Unless I have blanked out and completely forgotten something, the above mentioned items, along with various specifics (some people like jarred chilies in brine, capers, tinned anchovies in oil, etc.) that you yourself would consider essential, should provide a very good foundation for a well-stocked pantry. In fact, excluding fresh vegetables and dairy, in a pinch (say, should your refrigerator give out one night, spoiling all in it, or you simply cannot be bothered to go out to shop), a lot of these can be combined into a passable meal (such as a simple dish of pasta with tomato and extra virgin olive oil sauce). Counting on the refrigerator and its fresh and frozen meat, seafood, dairy and vegetable contents being there, this should more than provide a foundation for preparation of a basic meal.

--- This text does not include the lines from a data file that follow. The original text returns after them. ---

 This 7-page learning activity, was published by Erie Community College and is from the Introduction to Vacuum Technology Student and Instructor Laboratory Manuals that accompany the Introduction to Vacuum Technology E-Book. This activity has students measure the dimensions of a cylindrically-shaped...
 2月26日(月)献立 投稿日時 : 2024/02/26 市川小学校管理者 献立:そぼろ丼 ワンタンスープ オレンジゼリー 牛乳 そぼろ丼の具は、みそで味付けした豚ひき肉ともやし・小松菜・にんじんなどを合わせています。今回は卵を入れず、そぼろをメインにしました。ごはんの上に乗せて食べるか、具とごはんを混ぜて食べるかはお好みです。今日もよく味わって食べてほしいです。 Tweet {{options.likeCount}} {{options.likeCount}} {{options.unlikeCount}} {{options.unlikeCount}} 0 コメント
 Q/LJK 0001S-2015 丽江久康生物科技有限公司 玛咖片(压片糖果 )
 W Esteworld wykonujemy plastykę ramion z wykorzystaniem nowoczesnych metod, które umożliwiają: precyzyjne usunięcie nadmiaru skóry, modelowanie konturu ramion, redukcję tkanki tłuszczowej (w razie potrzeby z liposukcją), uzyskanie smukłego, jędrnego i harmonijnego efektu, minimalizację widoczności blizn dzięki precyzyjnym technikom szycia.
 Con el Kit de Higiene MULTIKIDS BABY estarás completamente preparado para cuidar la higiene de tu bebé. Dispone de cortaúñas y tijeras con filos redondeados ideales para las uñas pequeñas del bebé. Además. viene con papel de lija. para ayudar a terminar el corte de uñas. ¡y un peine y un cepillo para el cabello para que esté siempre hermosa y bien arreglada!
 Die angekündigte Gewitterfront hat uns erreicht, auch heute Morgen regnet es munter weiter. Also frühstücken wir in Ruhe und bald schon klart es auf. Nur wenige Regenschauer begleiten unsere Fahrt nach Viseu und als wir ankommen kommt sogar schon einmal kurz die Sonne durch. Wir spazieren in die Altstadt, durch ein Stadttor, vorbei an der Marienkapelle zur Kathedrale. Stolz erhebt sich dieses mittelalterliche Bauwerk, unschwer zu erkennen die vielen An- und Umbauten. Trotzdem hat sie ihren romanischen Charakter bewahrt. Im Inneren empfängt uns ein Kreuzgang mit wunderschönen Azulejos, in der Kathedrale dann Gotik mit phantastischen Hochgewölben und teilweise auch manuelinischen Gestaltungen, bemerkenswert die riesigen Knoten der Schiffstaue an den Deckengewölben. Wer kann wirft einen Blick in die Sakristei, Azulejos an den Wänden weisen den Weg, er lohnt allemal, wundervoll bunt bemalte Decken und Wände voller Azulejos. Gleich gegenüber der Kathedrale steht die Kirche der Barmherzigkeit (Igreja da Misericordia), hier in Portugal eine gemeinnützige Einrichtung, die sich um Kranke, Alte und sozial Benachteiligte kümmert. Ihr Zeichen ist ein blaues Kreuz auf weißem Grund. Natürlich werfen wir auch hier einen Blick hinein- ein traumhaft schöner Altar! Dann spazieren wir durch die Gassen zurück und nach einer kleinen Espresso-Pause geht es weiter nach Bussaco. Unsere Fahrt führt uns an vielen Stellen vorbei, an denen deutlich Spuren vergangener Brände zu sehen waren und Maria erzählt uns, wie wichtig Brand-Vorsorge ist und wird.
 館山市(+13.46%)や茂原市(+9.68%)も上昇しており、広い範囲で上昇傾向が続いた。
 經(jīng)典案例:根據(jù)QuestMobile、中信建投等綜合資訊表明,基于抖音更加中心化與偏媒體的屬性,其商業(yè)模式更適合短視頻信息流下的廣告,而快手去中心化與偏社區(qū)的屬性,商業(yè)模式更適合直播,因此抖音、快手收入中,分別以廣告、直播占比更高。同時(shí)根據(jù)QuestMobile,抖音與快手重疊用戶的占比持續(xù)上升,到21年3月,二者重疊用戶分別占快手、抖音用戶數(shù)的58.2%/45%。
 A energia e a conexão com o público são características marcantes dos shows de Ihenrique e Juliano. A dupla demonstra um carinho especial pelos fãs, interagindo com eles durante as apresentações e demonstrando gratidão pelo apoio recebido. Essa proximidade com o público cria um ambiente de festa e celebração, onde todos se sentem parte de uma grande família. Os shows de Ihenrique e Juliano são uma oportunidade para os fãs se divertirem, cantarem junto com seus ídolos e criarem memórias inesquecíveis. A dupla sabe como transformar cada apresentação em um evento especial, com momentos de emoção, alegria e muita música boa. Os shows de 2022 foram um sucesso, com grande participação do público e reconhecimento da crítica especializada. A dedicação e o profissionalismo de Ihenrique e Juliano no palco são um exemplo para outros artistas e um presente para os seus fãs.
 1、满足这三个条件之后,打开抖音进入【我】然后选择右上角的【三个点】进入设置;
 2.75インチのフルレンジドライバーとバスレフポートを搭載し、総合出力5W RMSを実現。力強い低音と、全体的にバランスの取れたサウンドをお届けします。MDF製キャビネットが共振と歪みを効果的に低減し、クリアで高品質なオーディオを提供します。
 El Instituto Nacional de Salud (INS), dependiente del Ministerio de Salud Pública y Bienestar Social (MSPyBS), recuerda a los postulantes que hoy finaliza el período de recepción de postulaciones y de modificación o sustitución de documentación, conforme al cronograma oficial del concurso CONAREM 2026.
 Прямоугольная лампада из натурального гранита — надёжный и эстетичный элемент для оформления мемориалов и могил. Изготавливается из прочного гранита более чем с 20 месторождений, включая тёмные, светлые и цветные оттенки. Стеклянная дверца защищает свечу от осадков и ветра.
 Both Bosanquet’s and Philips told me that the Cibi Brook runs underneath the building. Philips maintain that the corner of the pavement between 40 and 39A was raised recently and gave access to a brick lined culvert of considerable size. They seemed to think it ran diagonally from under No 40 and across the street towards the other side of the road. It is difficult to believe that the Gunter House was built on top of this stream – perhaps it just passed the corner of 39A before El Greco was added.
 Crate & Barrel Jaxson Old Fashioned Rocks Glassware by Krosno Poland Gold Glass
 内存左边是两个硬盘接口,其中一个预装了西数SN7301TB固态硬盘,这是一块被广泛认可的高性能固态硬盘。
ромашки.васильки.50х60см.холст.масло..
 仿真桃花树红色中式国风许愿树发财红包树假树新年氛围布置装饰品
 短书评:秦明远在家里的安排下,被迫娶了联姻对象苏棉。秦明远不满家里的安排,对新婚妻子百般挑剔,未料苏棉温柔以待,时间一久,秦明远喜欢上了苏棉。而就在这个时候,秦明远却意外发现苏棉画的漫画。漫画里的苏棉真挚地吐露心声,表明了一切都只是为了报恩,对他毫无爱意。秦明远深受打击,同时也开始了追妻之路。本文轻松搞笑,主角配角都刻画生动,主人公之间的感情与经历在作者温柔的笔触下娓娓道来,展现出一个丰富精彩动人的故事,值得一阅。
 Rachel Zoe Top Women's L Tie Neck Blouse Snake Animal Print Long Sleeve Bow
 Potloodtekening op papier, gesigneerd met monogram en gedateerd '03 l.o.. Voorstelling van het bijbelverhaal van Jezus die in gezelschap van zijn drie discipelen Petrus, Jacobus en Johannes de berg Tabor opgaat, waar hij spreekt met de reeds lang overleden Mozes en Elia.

Note: I do not mention eggs, as despite the fact that they can keep outside the refrigerator, I prefer to store mine in it, and not in the pantry. Same goes for hard cheeses, even grated and boxed. I do plan to write about a refrigerator, but this has already gotten rather long. Another time. :) Same applies to the method of storing ingredients, which, once the shop packaging is open, is not always straighforward.
Disclaimer: Where possible and convenient, I link the products I mention to their wikipedia page, as a reasonably neutral source which gives good explanation. When and where I do link to a brand, it is my preference for such, or the more common availability of it which make it more convenient. It is by no means anything more than a personal endorsement of something I use.